_Work to complete:_
Retype the listing exactly. Leave out the images.

_Collected data:_
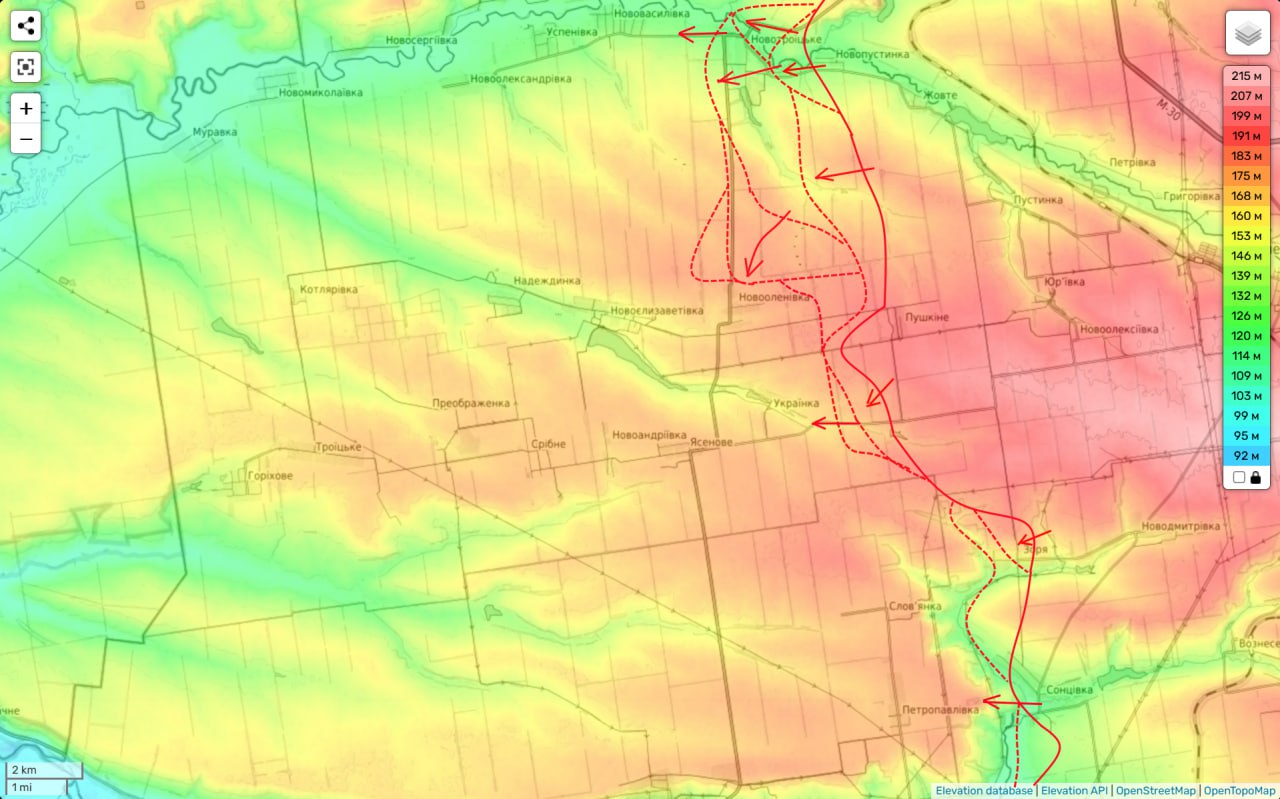 Что и дало нам возможность без боя занять очень сильные позиции и … фактически за несколько дней взять под контроль ключевое село южнее Покровска (Шевченко).
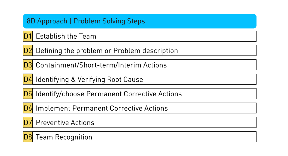 自動車における8D解析の実例: 現場から返却されたECUで観察された障害のトラブルシューティング時に8-D分析が効果的であることが証明された例です。このプロセスでは、ECUまたはその個々の部品の設計、または、製造上の問題に起因する主な原因を体系的に特定します。その後、再発を防ぐための予防措置を確実に講じながら、是正措置を実施します。システム内の根本原因の潜在的な場所に応じて、8-D分析は自動車メーカーまたは部品メーカーによって実行されます。自動車の分野では、8D分析を実施し、製品を進化させることが重要です。
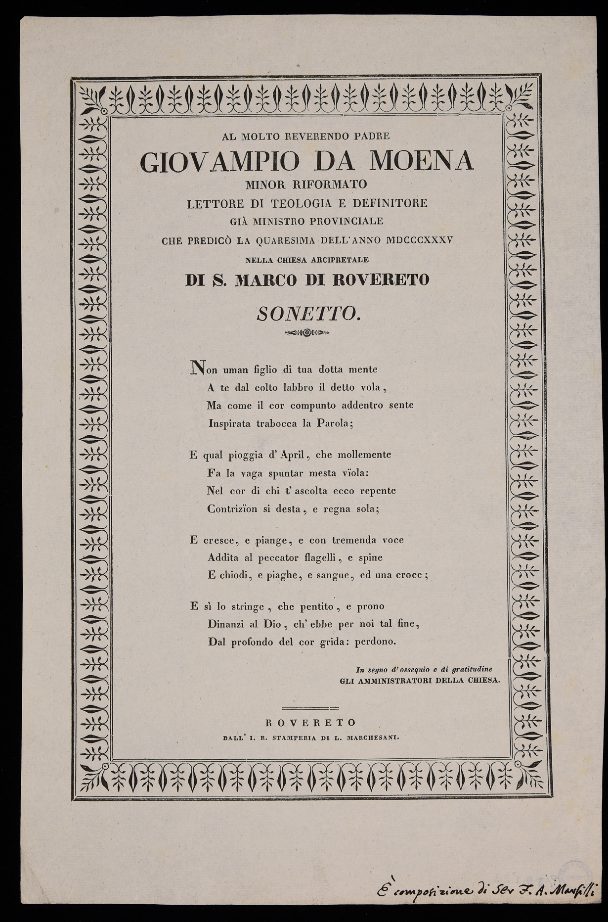 | Al molto reverendo padre Giovampio da Moena, minor riformato lettore di teologia e definitore già ministro provinciale che predicò la quaresima dell'anno MDCCCXXXV nella chiesa arcipretale di S. Marco di Rovereto, sonetto |

_Solution for this exercise:_
 Что и дало нам возможность без боя занять очень сильные позиции и … фактически за несколько дней взять под контроль ключевое село южнее Покровска (Шевченко).
 自動車における8D解析の実例: 現場から返却されたECUで観察された障害のトラブルシューティング時に8-D分析が効果的であることが証明された例です。このプロセスでは、ECUまたはその個々の部品の設計、または、製造上の問題に起因する主な原因を体系的に特定します。その後、再発を防ぐための予防措置を確実に講じながら、是正措置を実施します。システム内の根本原因の潜在的な場所に応じて、8-D分析は自動車メーカーまたは部品メーカーによって実行されます。自動車の分野では、8D分析を実施し、製品を進化させることが重要です。
 | Al molto reverendo padre Giovampio da Moena, minor riformato lettore di teologia e definitore già ministro provinciale che predicò la quaresima dell'anno MDCCCXXXV nella chiesa arcipretale di S. Marco di Rovereto, sonetto |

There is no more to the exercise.